Le comédien entre sur la scène du Point-Virgule vêtu d’un costume trop grand -comme tous les clowns. Manière de signifier que rien ne (lui) va dans ce monde taillé à la démesure de certains et dans lequel d’autres se noient, se perdent, se battent pour survivre. Ces contours trop larges avec lesquels Trémège n’arrive pas à faire corps sont ceux de l’ultra-libéralisme qui pousse au culte de la performance, du nombrilisme, de l’arrogance, d’une certaine bêtise et de la vulgarité. Un monde déséquilibré dont les poètes sont les chasseurs. Tellement déséquilibré qu’on introduit au travail, terrain peu propice à l’amusement et à la rigolade, des simulacres de jeux d’enfants.

Car Enfin visible s’ouvre  sur un jeu de cour de recré (1,2, 3 soooleil !) appliqué au monde du travail et utilisé comme méthode de recrutement. Sous la patte de Trémège, recruter, ça n’est pas choisir la personne dont on a besoin mais s’amuser à exclure, diviser et au passage humilier ceux dont on ne veut pas -une sorte de casting cruel qui est d’ailleurs le lot de nombreux comédiens. Suivent donc des tests d’évaluation comme cette lettre de motivation des plus démotivantes, des jeux de rôles qui en disent long sur le recruteur et si peu sur les postulants.
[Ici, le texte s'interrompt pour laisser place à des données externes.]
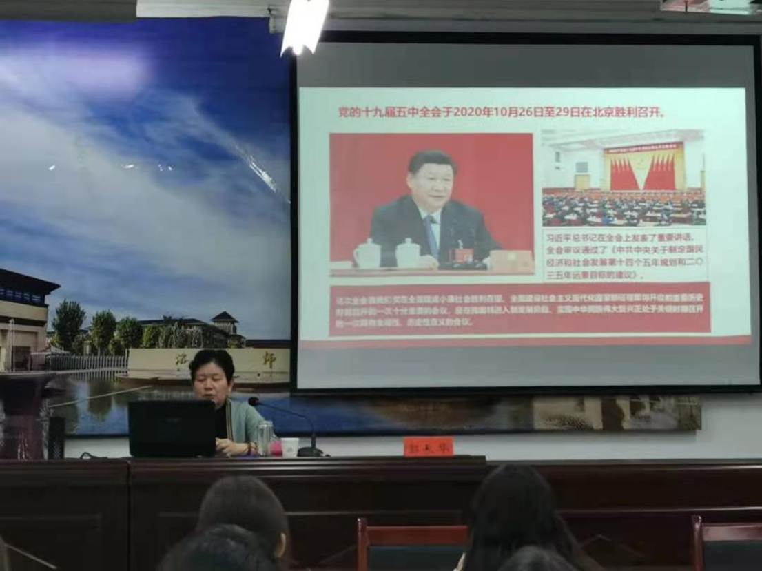 会议伊始,郭长华对党的十九届五中全会进行讲解,对同学们贯彻认识党的十九届五中全会精神做了很好的铺垫。接下来她向我们介绍了”“十三五”所取得的成就,在这些成就中,我们深刻地体会到习近平总书记“我将无我,不负人民”的苦干精神。正是在这种艰苦奋斗精神的带领下,我国的综合国力取得举世瞩目的成就,人民的生活更是辉煌向上。如今在”十四五”来临之际,郭长华向我们介绍了这一阶段的目标与规划的蓝图,这为同学们提供了更明确的奋斗目标。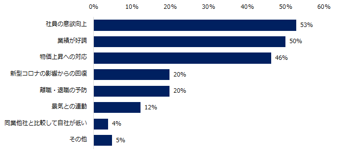 増額予定の企業に理由を伺うと、トップ3は「社員の意欲向上」(53%)、「業績が好調」(50%)、「物価上昇への対応」(46%)でした。一方で減額予定の企業の理由は「業績不振」(71%)が最多でした。

A moins qu’ils ne se rebiffent…

Tout le show navigue entre portraits de ceux qui se conforment à ce monde et s’y complaisent et ceux qui s’en détachent par nécessité ou accident. Le sketch du  super patron de l’année, celui du chasseur Roger, membre de l’Amicale des Chasseurs de la Gaillarde, pour qui tout est «profond, calme et grave», celui du politicien empêtré dans la langue de bois sont à se tordre. On s’amuse de la lettre que Beigbemoix -écrivain qui «travaille à être célèbre (…) et écrit des livres qui se vendent»- adresse à Derrida, des animateurs de télé trop pleins de la vacuité des émissions qu’ils présentent (“J’ai râté un épisode”, “Le droit de tout voir”). On se régale de l’histoire de «cette main qui tous les soirs à 20h frappe les plus riches de notre monde, nasdaqophiles compulsifs et autres obsédés du Nikkeï»…C’est plein d’idées, de belles inventions qui ne se contentent pas d’être belles mais sont porteuses de sens. La charge est féroce mais jamais indigeste. C’est drôle et souvent brillant. Et même s’il y a bien une ou deux facilités, on ne saurait en tenir rigueur  au comédien tellement l’ensemble est cohérent et ficelé.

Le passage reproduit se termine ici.